» Listed records:
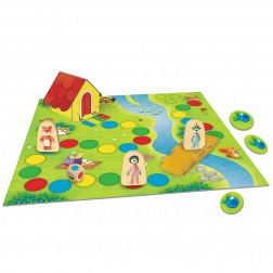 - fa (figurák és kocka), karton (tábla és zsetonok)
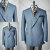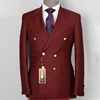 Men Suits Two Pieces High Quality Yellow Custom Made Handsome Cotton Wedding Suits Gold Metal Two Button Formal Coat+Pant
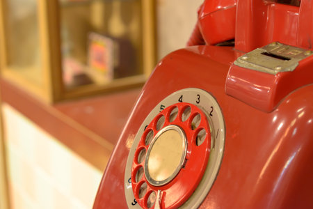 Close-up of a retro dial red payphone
==
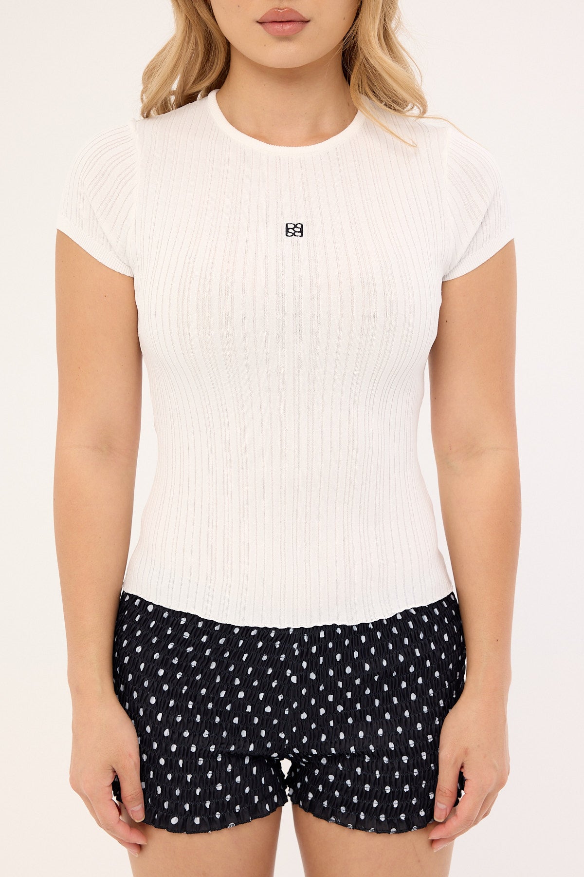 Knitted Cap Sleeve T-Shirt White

» What the task asks: With the pictures left out, write out exactly the lines above from the one containing "Men Suits Two" through the one containing "Close-up of a retro dial red payphone".

» Response to the task:
 Men Suits Two Pieces High Quality Yellow Custom Made Handsome Cotton Wedding Suits Gold Metal Two Button Formal Coat+Pant
 Close-up of a retro dial red payphone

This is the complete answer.